→ **Work task**: Would you please copy the part of the material below that opens with the line containing "Baked in cast" and closes with the line containing "新疆和田玉且末料糖白手镯女款玉石镯子胖泥鳅"? Copy it exactly, and only it.

*** Entries shown Section Begins ***

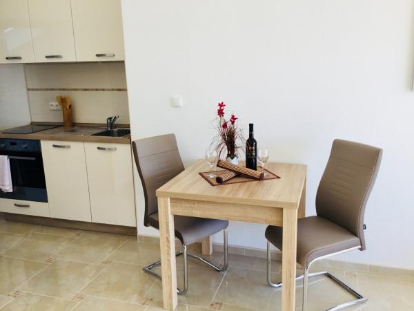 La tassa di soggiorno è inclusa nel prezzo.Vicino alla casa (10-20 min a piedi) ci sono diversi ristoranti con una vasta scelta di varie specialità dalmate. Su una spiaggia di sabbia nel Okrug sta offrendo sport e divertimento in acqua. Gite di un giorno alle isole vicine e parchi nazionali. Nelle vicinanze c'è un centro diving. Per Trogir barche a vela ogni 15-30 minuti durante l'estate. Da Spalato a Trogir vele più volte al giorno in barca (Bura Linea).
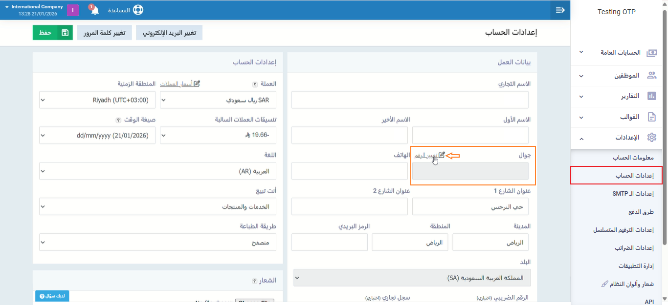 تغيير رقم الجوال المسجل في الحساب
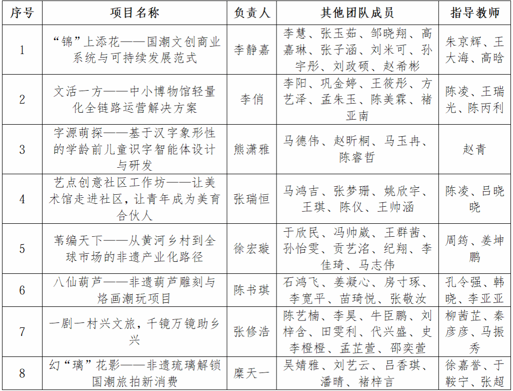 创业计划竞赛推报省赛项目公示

*** Entries shown Section Ends ***
*** Entries shown Section Begins ***

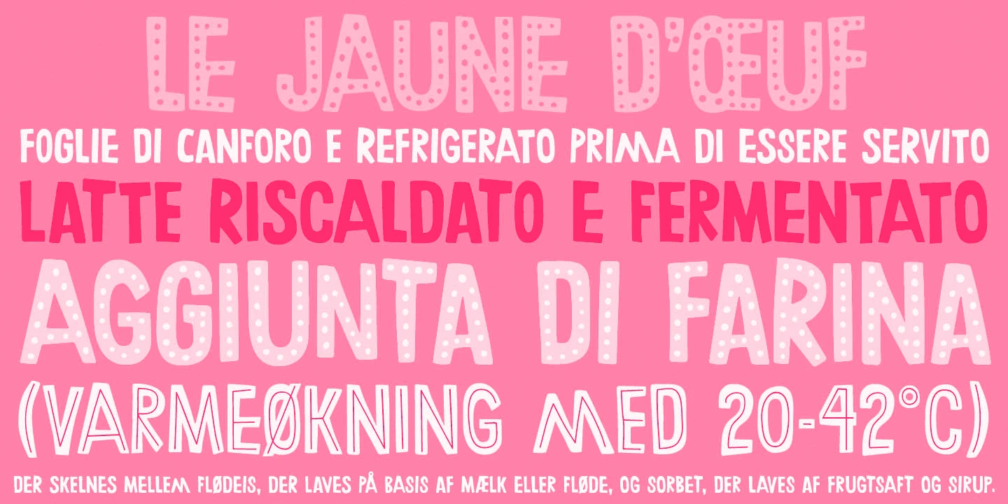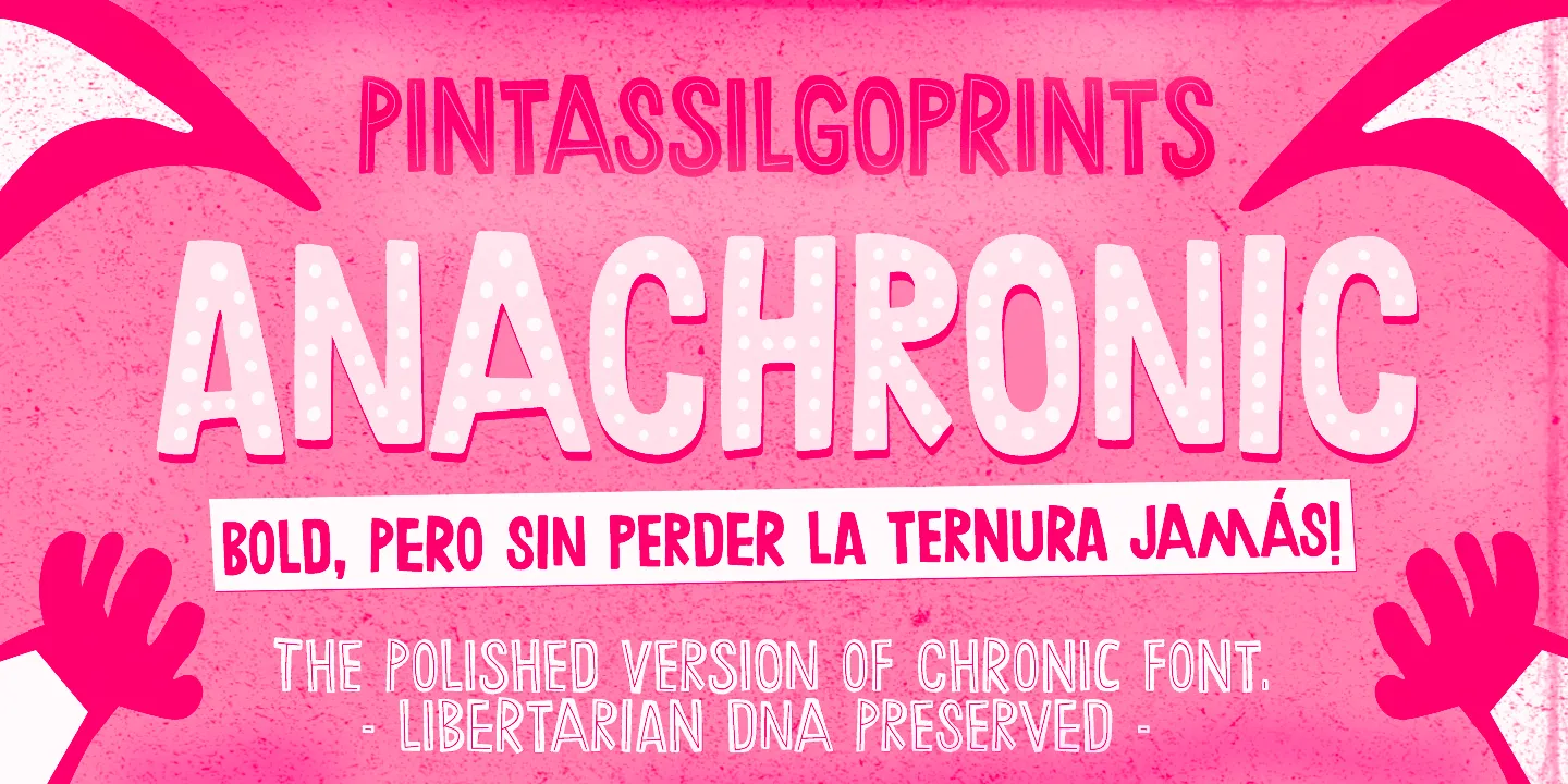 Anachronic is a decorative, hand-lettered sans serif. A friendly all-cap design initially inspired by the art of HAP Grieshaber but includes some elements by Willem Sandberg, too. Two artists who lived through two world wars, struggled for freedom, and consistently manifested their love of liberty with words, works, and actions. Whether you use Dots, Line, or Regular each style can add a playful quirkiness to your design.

*** Entries shown Section Ends ***
*** Entries shown Section Begins ***

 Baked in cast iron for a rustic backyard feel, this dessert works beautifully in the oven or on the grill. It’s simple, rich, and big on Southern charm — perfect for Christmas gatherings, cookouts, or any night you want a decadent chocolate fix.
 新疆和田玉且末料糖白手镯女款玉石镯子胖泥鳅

*** Entries shown Section Ends ***

→ **Output for this exercise**:
 Baked in cast iron for a rustic backyard feel, this dessert works beautifully in the oven or on the grill. It’s simple, rich, and big on Southern charm — perfect for Christmas gatherings, cookouts, or any night you want a decadent chocolate fix.
 新疆和田玉且末料糖白手镯女款玉石镯子胖泥鳅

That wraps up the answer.